Bayesian A/B Sample Size Planner
Estimate the traffic each arm of a Bayesian A/B test needs before you can credibly claim a minimum uplift. Enter your baseline conversion rate, target lift, credibility threshold, and optional Beta priors to get per-variant session requirements plus the implied posterior after observing that lift.

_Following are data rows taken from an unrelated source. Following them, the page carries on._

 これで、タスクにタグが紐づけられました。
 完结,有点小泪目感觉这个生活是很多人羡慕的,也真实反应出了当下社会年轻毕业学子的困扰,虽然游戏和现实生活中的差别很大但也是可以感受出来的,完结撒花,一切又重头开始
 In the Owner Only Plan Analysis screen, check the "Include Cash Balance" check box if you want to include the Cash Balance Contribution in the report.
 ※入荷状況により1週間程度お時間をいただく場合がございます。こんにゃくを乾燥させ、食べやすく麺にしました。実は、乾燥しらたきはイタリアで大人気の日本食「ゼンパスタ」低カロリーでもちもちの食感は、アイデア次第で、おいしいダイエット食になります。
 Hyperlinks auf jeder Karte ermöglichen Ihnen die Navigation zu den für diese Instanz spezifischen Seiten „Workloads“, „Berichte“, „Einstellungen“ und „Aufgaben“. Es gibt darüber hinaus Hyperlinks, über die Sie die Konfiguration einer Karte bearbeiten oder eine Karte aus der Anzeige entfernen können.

Approximation for planning—simulate with your actual prior and success metrics before launch.
Examples
- 3.00% baseline, 15% lift, 95% credibility, flat prior ⇒ ≈41,100 sessions per variant (82,200 total) and a posterior mean near 3.45%
- 5.50% baseline, 8% lift, 90% credibility, α=20 β=340 prior, 3 variants ⇒ ≈14,200 sessions per variant (42,600 total)
FAQ
How do informative priors reduce sample size?

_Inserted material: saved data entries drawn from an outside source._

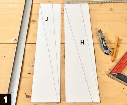 Rita ut mallen till benen (H och J) på två kartongbitar enligt måtten på arbetsritningen. Se till att vara noggrann, så att du inte behöver rikta upp benen senare under arbetet.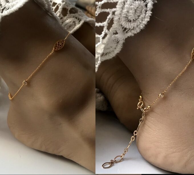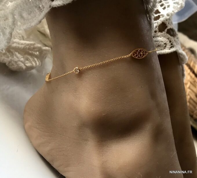 Avec ses petits oxydes de zirconium blancs et ses motifs ovales en or ciselés délicatement répartis sur une chaine en plaqué or 18 carats,  ce splendide bijou de pied plaqué or vous fera tout simplement craquer.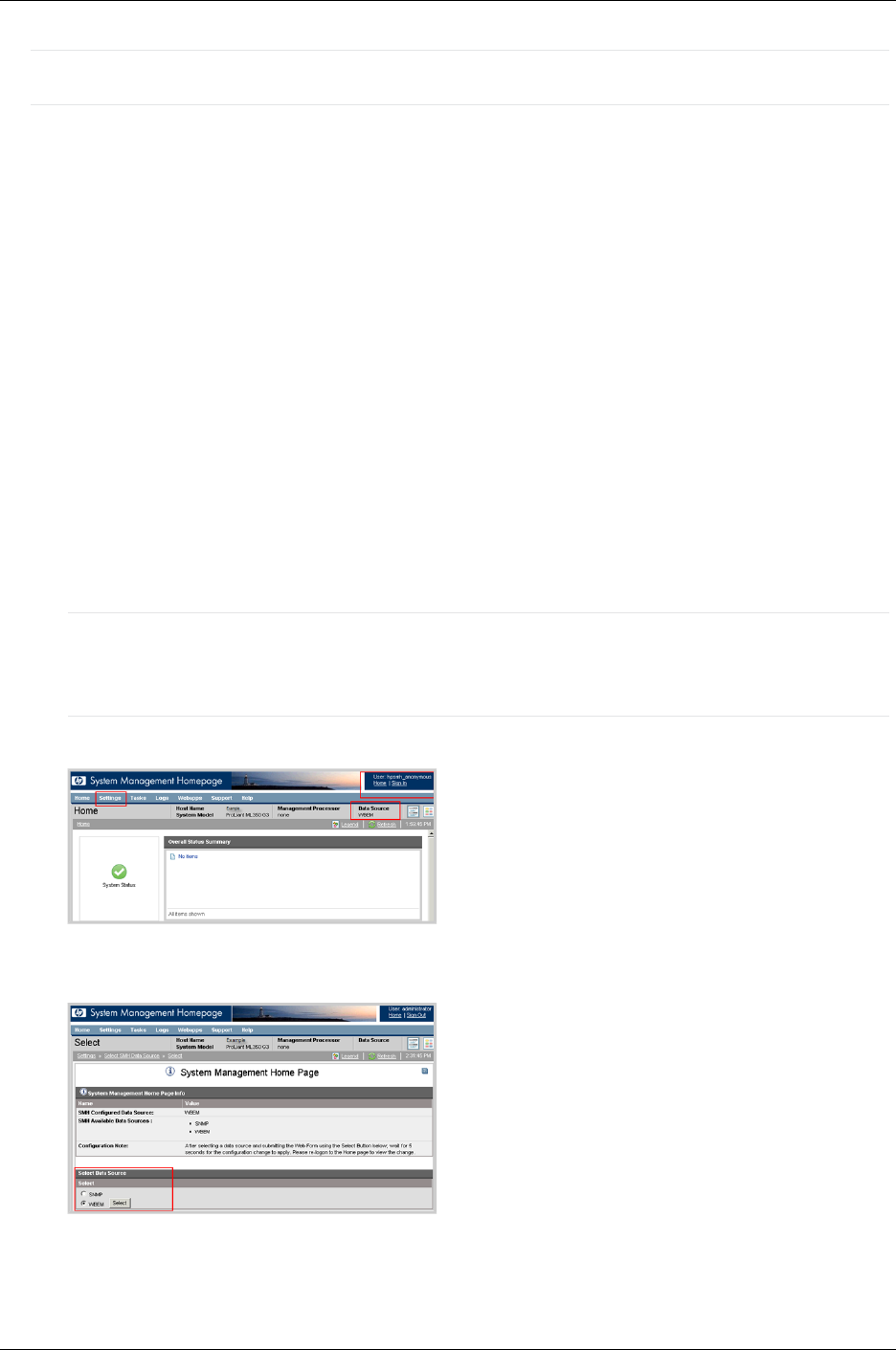 Note: If you are not prompted for a logon, check the upper right corner of the SMH interface and

Informative priors add weight to the posterior, effectively contributing α+β pseudo-sessions. When historical performance is stable, they shorten tests; otherwise keep priors weak to avoid bias.
What if I have more than one challenger?
Enter the total number of variants (control plus challengers). The calculator multiplies per-variant traffic to show total sessions required across all arms.
Does this assume fixed-horizon tests?
Yes. Sequential monitoring or Bayesian power curves require simulation. Use this output for planning the initial launch, then monitor posterior probabilities as data arrives.
Can I change the success metric?
The formula assumes a binary conversion. For revenue-per-visitor or average order value, model variance directly or convert the metric into a Bernoulli success indicator.
Additional Information
- Beta(α,β) priors encode past learnings as pseudo-conversions (α−1) and pseudo-non-conversions (β−1).
- Bayesian power focuses on achieving a desired posterior probability instead of rejecting a null hypothesis.
- Lift inputs should be relative (e.g., +10%)—the planner converts them to an absolute delta from the baseline rate.
- Traffic estimates assume equal allocation; reweight traffic manually if you plan asymmetric splits.